RFR 8027434: "-XX:OnOutOfMemoryError" uses fork instead of vfork

Thu Sep 27 19:31:28 UTC 2018

Hi Florian,

On Thu, Sep 27, 2018 at 9:08 PM, Florian Weimer <fw at deneb.enyo.de> wrote:
> * David Holmes:
>
>> I think you may be missing my point. We take a signal that will
>> terminate the VM, and from the signal handler context start the error
>> reporting and as part of that try to fork_and_exec the onError command
>> requested by the user. My recollection from reading all this stuff is
>> that vfork may not be safe to call from a signal context.
>
> On GNU/Linux, fork is not safe, either:
>
>   <https://access.redhat.com/articles/2921161>
>
> This is particularly visible if you've got a SIGSEGV handler that is
> called from malloc after heap corruption.  Then fork will most likely
> hang due to a self-deadlock.

Yikes, I never thought about fork handlers.
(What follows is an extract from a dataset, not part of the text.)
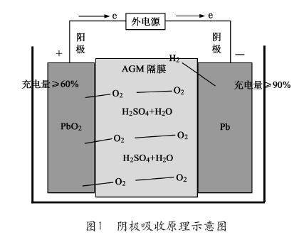 蓄电池在充电过程中,负极反应近似为还原反应,所以负极也称为阴极。蓄电池电池负极活性物质相对于正极有盈余,超细隔板透气性好,能吸附全部电解液,使电解液在蓄电池内部无流动性,同时又有自动开、闭的安全阀,保证了正极产生的氧气,在蓄电池内部以循环的方式被阴极吸收,即称为阴极吸附式原理。阴极吸收原理示意图如图1所示。
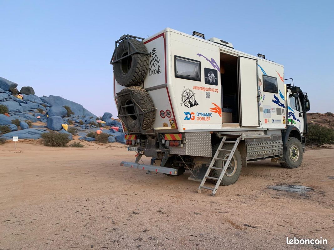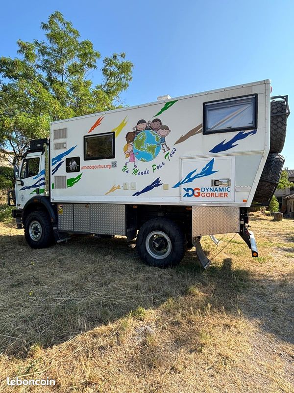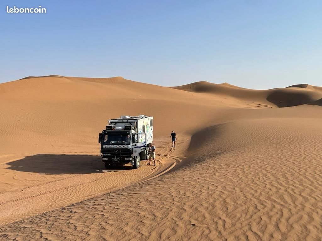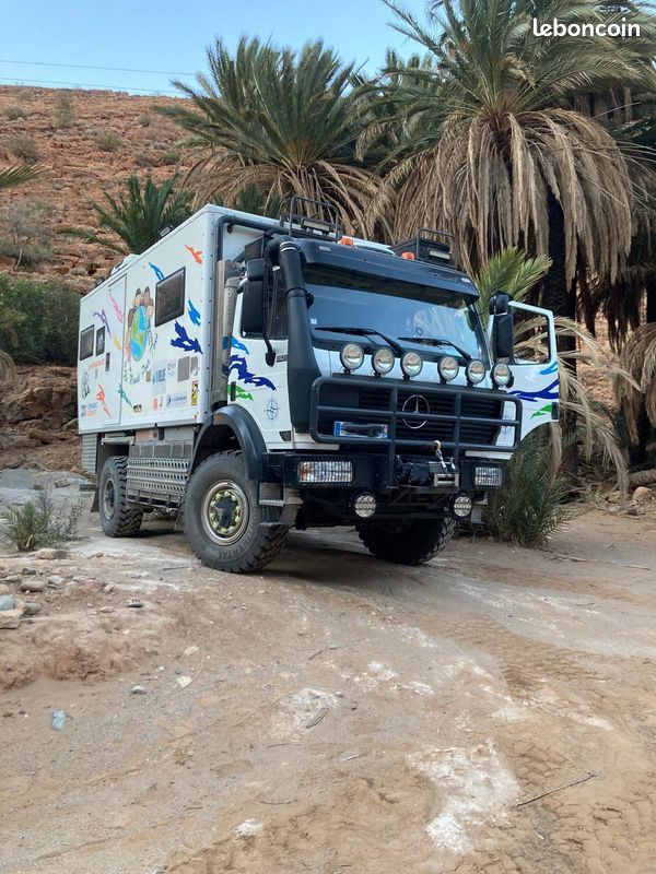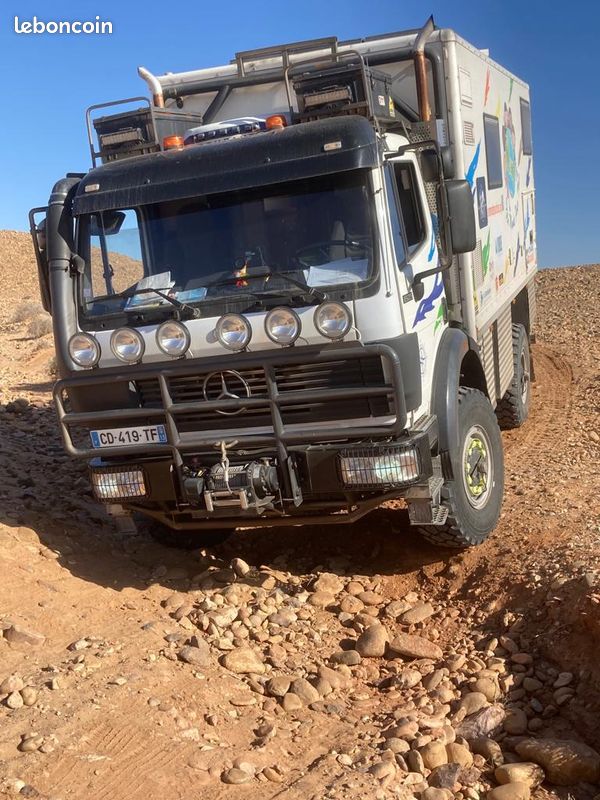 Mercedes 1929 V8 145000 kms d'origine entièrement préparée par spécialiste du Dakar, fixation double châssis, suspension compétition 8 amortisseurs Boss, gonflage et dégonflage en roulant, 2 vérins arrière au pont pour relevage, 2 roues de secours avec treuil, entièrement autonome, groupe électrogène, panneaux solaires, réserve eau 2000 litres, 1000 litres de gasoil, eau noire et eau grise, cuisine en massif plaque cuisson 3 feux, hotte, évier, four, congélateur , frigo, lit 140, WC, douche etc ...

Incidentally, we have a kind-of-self-healing mechanism in error
reporting, where error reporting is done in steps and if one steps
takes too long it gets interrupted via signal and we continue with the
next step. This mechanism still does not cover onError, but it could
be made to do so. Wonder whether that would be useful.

(Is onError even used much?)

>
> vfork might actually be safer in this context because it does not run
> any fork handlers, but only if you take the required measures to use
> it safely.  On the other hand, the rest of the process will keep
> running, so you don't get the snapshot functionality that comes from
> fork.
>
> In my opinion (reflected in the cited article), crash handlers should
> live outside the process, at least on Linux.

I do not think anyone uses this mechanism to get cores, or? The VM
will print an hs-err file, then abort with core. Usually that core is
still "close enough" to the crash cause to be useful - especially
since the error handler never unwinds the stack.

Core files are just not practical, at least not for us (SAP). We rely
heavily on hs-err files in our daily support life, and those are good
enough for us to analyse the majority of issues with a minimum of
fuss.

>
>> That's why I suggested we only switch this for the OnOutOfMemoryError
>> case as it's not (normally?) executed from a signal context.
>
> If it's a native OnOutOfMemoryError (is there such a thing?), then
> both vfork and fork are likely to fail themselves (but fork is more
> likely to do so).

..Thomas